Constituents of embattled Representative George Santos took a bus trip from New York to protest in front of the Capitol and call on Congress to expel the freshman Republican.

Democratic Representative Dan Goldman of New York joined advocacy groups Courage for America and Concerned Citizens of NY-03, the district that Mr Santos represents, at the House Triangle in front of the US Capitol.

“We’re because Speaker McCarthy cannot hear us when we speak from Long Island,” said Jody Kass Finkel, coordinator of Concerned Citizens of NY-03, who added that the organisation’s sole purpose was to remove Mr Santos from “squatting in our seat.”

Ms Kass Finkel criticised the fact Mr Santos faces an investigation from the House Ethics Committee.

“It’s just a delay,” she said. “No findings are needed to expel him today or tomorrow.”

Mr Santos has faced intense criticism about the fact that he has lied about multiple parts of his resume, from working at investment banks like Goldman Sachs and Citigroup, to supposedly being Jewish, since he won a seat in the ancestrally Democratic district on Long Island.
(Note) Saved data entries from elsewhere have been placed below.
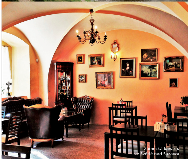
Zámecká kavárna ve Světlé nad Sázavou

Příroda se probouzí a s ní i hrady, zámky a další památky na Vysočině. Letos budou návštěvníky lákat na stoleté výročí od založení ČSR a život v první republice. Například na Státním zámku v Náměšti nad Oslavou se v době prázdnin v rámci večerní prohlídky odehraje detektivní příběh z doby první republiky, na zámku ve Světlé nad Sázavou připravují od 2. června novou prohlídkovou trasu se sto let starým nábytkem, šperky nebo prvorepublikovou módou a nová brožura Sto let příběhů, lidských osudů, architektury i sportu a kultury na Vysočině odhaluje téměř zapomenuté příběhy a nabízí pět výletních okruhů po stopách historie dnešních měst a obcí Vysočiny. Ke stažení je na tematickém webu www.vysocina100let.cz , kde najdete i pozvánky na akce spojené se stoletým výročím na Vysočině.
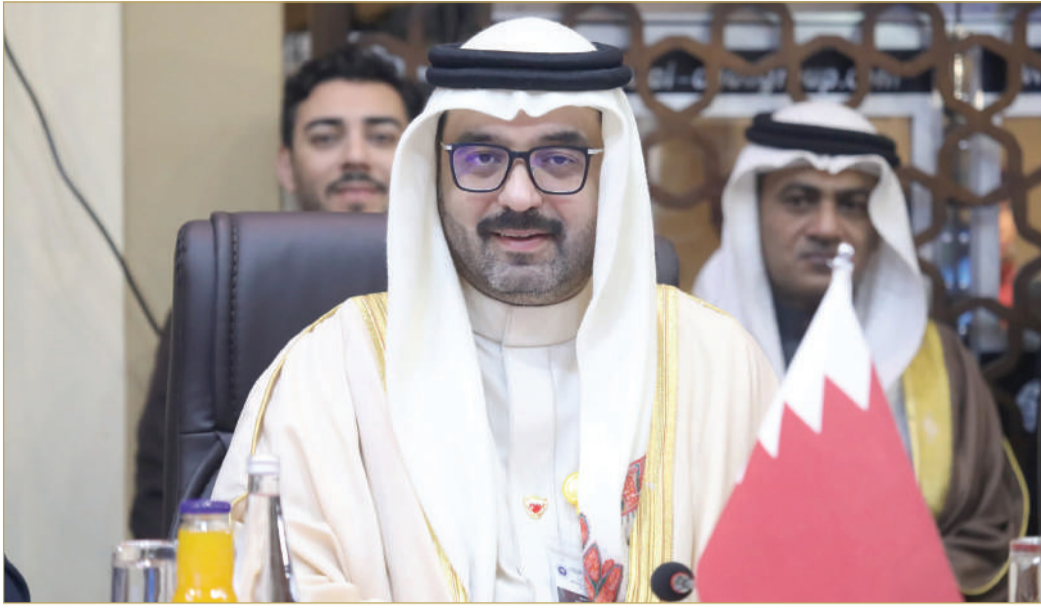
مشاركة السلوم في اجتماع الجمعية البرلمانية لآسيوية ببغداد

المقبلة. وأضاف: إن مواقف مملكة البحرين تجاه القضايا الإقليمية تقوم على مبادئ راسخة ورؤية واضحة تُترجم إلى خطوات عملية تؤكد التزامنا العميق بالسلام العادل والمستدام وأسس الشرعية الدولية، وتأتي في مقدمة هذه القضايا، القضية الفلسطينية، التي تمثل قضية العرب الأولى وتشكل جوهر الصراع في منطقة الشرق الأوسط، موضحاً أن مملكة البحرين تؤكد التزامها الكامل بدعم الحقوق المشروعة للشعب الفلسطيني، وفي مقدمتها حقه الأصلي في إقامة دولته المستقلة وعاصمتها القدس الشريف.
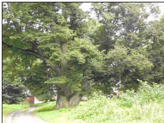
Fot. 2. Lipa na drodze wjazdowej do parku w miejscowości Karsy
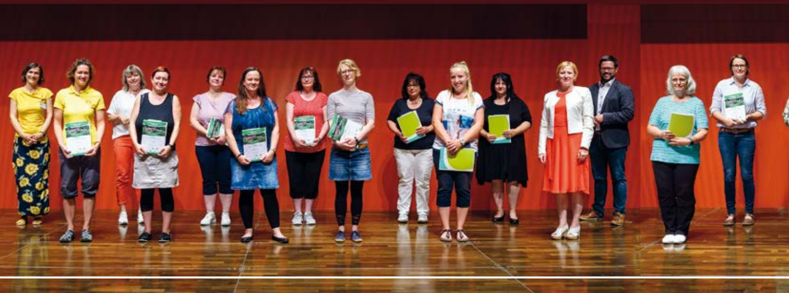
1. Prämierung am 14. Juli 2021

Gleichzeitig greift das Motto auch die Altersübergänge in pädagogischen Teams auf: Demografische Entwicklungen bringen Generationswechsel mit sich. Langjährige Kolleg*innen haben einen Schatz an Wissen und Kompetenzen, der die Arbeit des Teams auch zukünftig bereichern kann, wenn er frühzeitig an jüngere Kolleg*innen weitergegeben und von mehreren Teammitgliedern weitergetragen wird. Bewährte Erfahrungen in der Gartenplanung und -gestaltung können somit weiterwachsen und durch Anregungen neuer Teammitglieder ergänzt werden. Gelingende Übergänge können auch durch gute Zusammenarbeit zwischen Teams verschiedener Kitas, Horte und Grundschulen in der Planung und Gestaltung von gemeinsam genutzten Außenräumen entstehen. Und schließlich können Übergänge auch durch die Verbindung der Innen- und Außenräume unterstützt werden. Bauliche Voraussetzungen können hier pädagogisches Handeln unterstützen und zu einer gelingenden Verbindung von draußen und drinnen beitragen.

Despite this, House Speaker Kevin McCarthy has stood by the troubled congressman, though he has said if the House Ethics Committee finds he is guilty of wrongdoing, he would be removed.
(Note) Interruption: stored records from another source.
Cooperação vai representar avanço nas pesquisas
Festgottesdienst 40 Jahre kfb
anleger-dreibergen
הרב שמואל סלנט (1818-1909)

Expelling a member of the House would require a two-thirds vote in the chamber, something that would be difficult to overcome given Mr McCarthy’s decision to support him and the fact Republicans control the House of Representatives.
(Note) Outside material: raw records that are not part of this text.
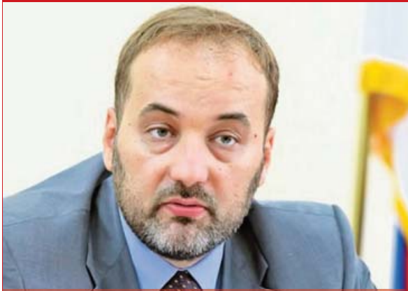
Saša Janković , ombudsman Republike Srbije

Legalan status uzbunjivača treba biti osnov za zaštitu
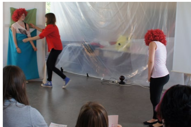
Generalprobe vor geladenen Mitschüler_innen in der Aula

Das Stück bekommt den Namen: Lockenkopf hoch 2 und die Gruppe nennt sich Skurriler Pasch . Unter Anleitung einer Tanzchoreographin erarbeiteten sich die Jugendlichen Teile des Stückes tänzerisch. Rollen entwickelten sich, über Körperübungen wurden Haltungen und Tics gefunden. Kostüme, Requisiten und ein Bühnen-
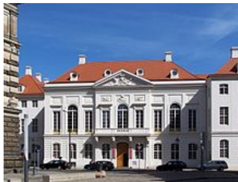
Kurländer Palais 7
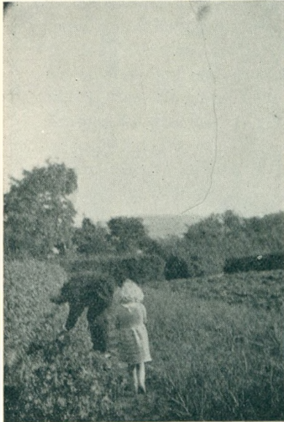
To »Jordbærtyve«. Sommer 1941.
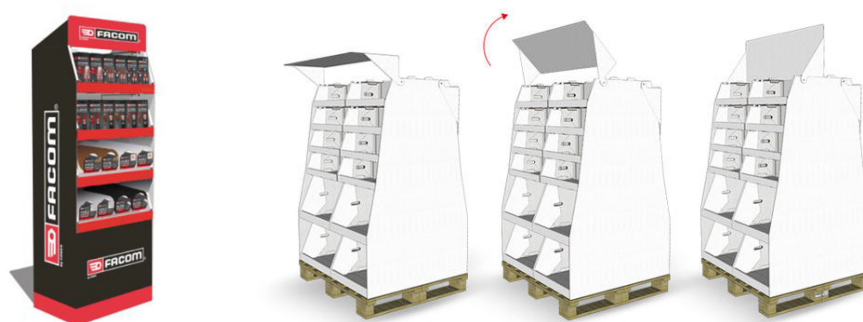
Figure 5 : Exemples de conditionnement « prêt à vendre »

Une des forces du groupe est la création des concepts de « prêt à vendre ». Cela consiste à proposer à nos clients des conditionnements spécifiques pouvant être directement mis en vente et mettant en valeur nos produits.
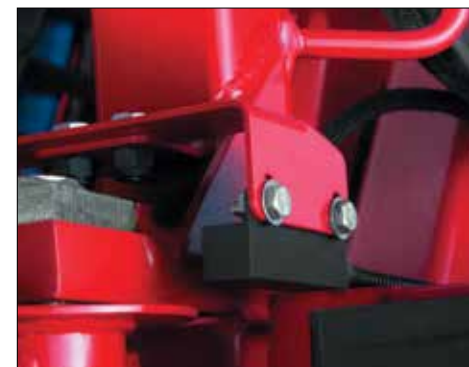
Sensor do sistema de centralização automática das barras
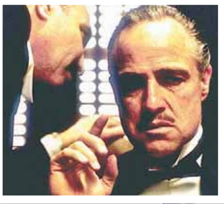
The Godfather «العرب» تصوير غوردون ويليس

ابتكار مواقفهم. لكن ما بلغت الانتباه هو أن المندروس صور 19 أسبوعاً من 72 أسبوع تصوير. الأميركي هاسكل وكسلر لذلك يقفز السؤال حول تصوير من الذي نتحدث فيه؟ المندروس أو وكسلر (كلاهما ذو أسلوب مختلف). بالنظر إلى الفيلم يتبين أن أندروس وضع الأساس والصيغة البصرية
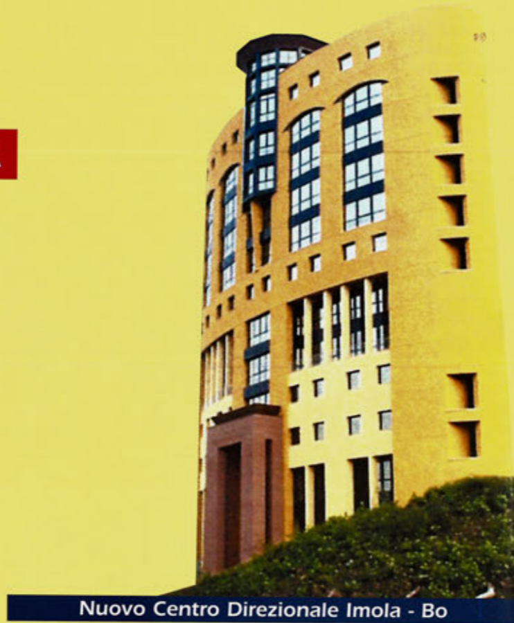
Nuovo Centro Direzionale Imola - Bo

Il gruppo Mercatone Uno si colloca in una posizione di primaria importanza nella distribuzione di prodotti non alimentari in Italia.

Ms Kass Finkel told The Independent that Mr Santos’s fabrications have also embarrassed people in the third district.

“I mean, we've all been swindled, the whole country has been swindled. Nobody trusts him and that includes all the other constituents,” she said.

The protest comes after the Justice Department has told the Federal Election Commission to hold off on investigating Mr Santos as it conducts its own investigation, The Washington Post reported last month.

But Mr Goldman, the Democratic congressman, told The Independent that was not sufficient.

“I don't think that a qualification for being a member of Congress is simply that you're not a criminal,” Mr Goldman said. “Whether or not this is there is a criminal prosecution is separate and apart from the fact that he's clearly unfit to serve in this body.”

Ms Kass Finkel said it was important to have the event this week since afterward, Congress will head for an extended work period back in their districts.

Mr Santos will be one of many members of Congress who will be in the House chamber during President Joe Biden’s State of the Union on Tuesday evening.